15 thoughts on “Stop Me If You’ve Lived This Before…

  1. Wow! That is very intense… and I have the same fear as Sister. I simply will not wear a turtleneck or anything of the sort. My mother used to try to force me when I was a child, but I adamantly refused.

  2. I was hoping to get more feedback on my past lives. I can relate in that, I think I know of a few, but I’m never certain with myself. There are bizaar fears and traits I have- and I think they stem from past lives. There is a whole lot of random stuff that relates to that and my Interior… and it’s challenging to work with sometimes. I think there can be peace in learning about your past lives- in that you can make peace with what has happened then.
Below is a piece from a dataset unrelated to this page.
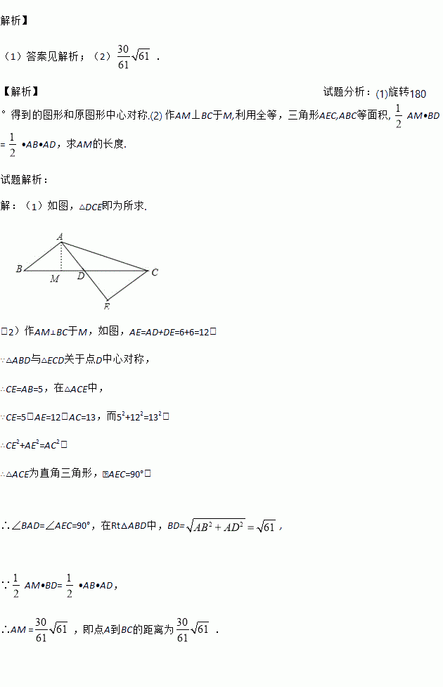 (1)以点D为对称中心,作出△ABD的中心对称图形;

    Interesting to read :)

    • I’ve always, since I was a kid, wanted to know what my past lives were. (So, I guess I’ve believed in reincarnation for longer than I give myself credit.) I always thought it was so neat to hear the stories about the kids who tell their parents where and how they died and stuff.

      It is definitely challenging, though, to try and work on issues from a past life without knowing the background of that particular issue…

  3. Past lives are a pool of experiences and knowledge, one which can teach us many lessons and make us better understand ourselves. I’ve had many of my impulses, thoughts, likes, dislikes etc. which had no logical foundation or explanation in my present life experience explained when I dug deeper into past lives. It all made sense. It’s like recovering bits of yourself really, in a way it’s a procession of completion sort to speak. And it can help be at peace with yourself!

  4. I really want past lives to exist, I even think I may have had some of my own but the silly logical part of my brain keeps trying to make me think it’s some sort of genetic memory implanted in us a birth. How boring would that be? On the irrational fears thing: I hate birds, even stuffed ones in museums terrify me. I also can’t go near industrial revolution/Victorian era machinery or slums. My OH took me to the Black Country Living Museum here in the UK once and I freaked out.

    Senneferet
    http://senneferetssanctuary.blogspot.co.uk/

    • Sometimes, it’s just absolutely the hardest thing to kick the logical and rational out of your head long enough to let the mystical and unknown in. I totally understand that.

  5. I also know several people with the irrational neck fear. One of them confirmed it was from a past hanging, too.

    I also have several fears I’ve traced back to things. (Fears of hospitals, doctors and asylums) But my lives were fucking terrible, so that makes some sense. Eeesh.